Coreleased Orexin and Glutamate Evoke Nonredundant Spike Outputs and Computations in Histamine Neurons

Stable wakefulness requires orexin/hypocretin neurons (OHNs) and OHR2 receptors. OHNs sense diverse environmental cues and control arousal accordingly. For unknown reasons, OHNs contain multiple excitatory transmitters, including OH peptides and glutamate. To analyze their cotransmission within computational frameworks for control, we optogenetically stimulated OHNs and examined resulting outputs (spike patterns) in a downstream arousal regulator, the histamine neurons (HANs). OHR2s were essential for sustained HAN outputs. OHR2-dependent HAN output increased linearly during constant OHN input, suggesting that the OHN→HAN ^OHR2 module may function as an integral controller. OHN stimulation evoked OHR2-dependent slow postsynaptic currents, similar to midnanomolar OH concentrations. Conversely, glutamate-dependent output transiently communicated OHN input onset, peaking rapidly then decaying alongside OHN→HAN glutamate currents. Blocking glutamate-driven spiking did not affect OH-driven spiking and vice versa, suggesting isolation (low cross-modulation) of outputs. Therefore, in arousal regulators, cotransmitters may translate distinct features of OHN activity into parallel, nonredundant control signals for downstream effectors.

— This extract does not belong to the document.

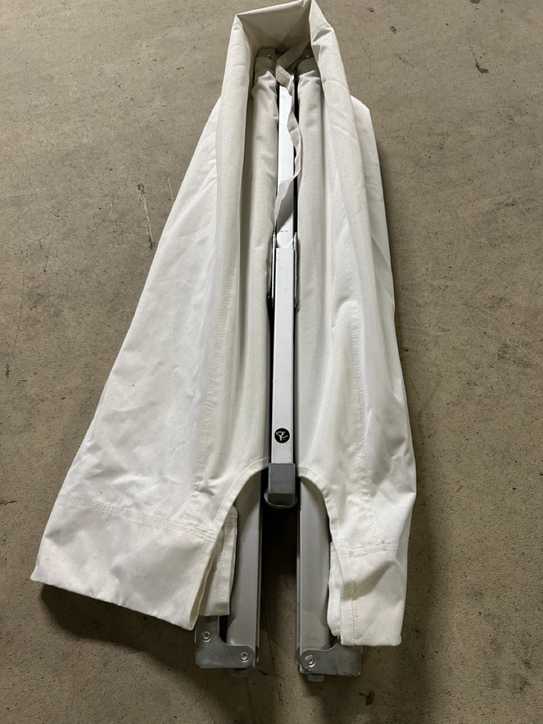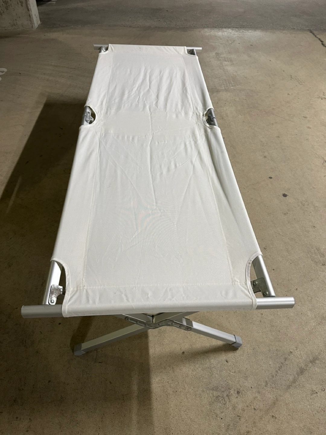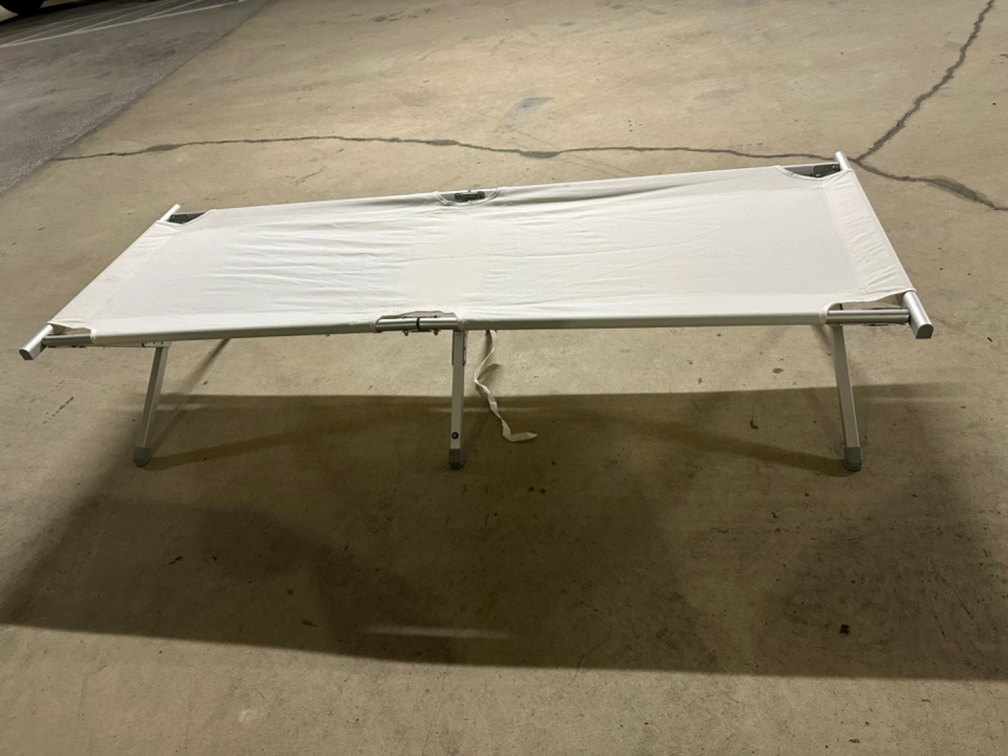 223Lightweight aluminium frame cot. Off-white canvas fabric. Folds for easy storage and transport. Includes a carry bag. Good for camping or traveling.

Stable wakefulness requires brain orexin/hypocretin neurons, whose loss causes narcoleptic instability of consciousness. These neurons produce several neuroexcitatory transmitters, such as orexins and glutamate. The logic of this is unclear, because it seems energetically wasteful to make several transmitters serving the same function of excitation. Schöne et al. found, however, that when naturally coreleased, orexin and glutamate each create unique signatures of brain activity, which are mutually independent and useful for different but complementary purposes. This may offer insights into why orexins are indispensable for stable consciousness.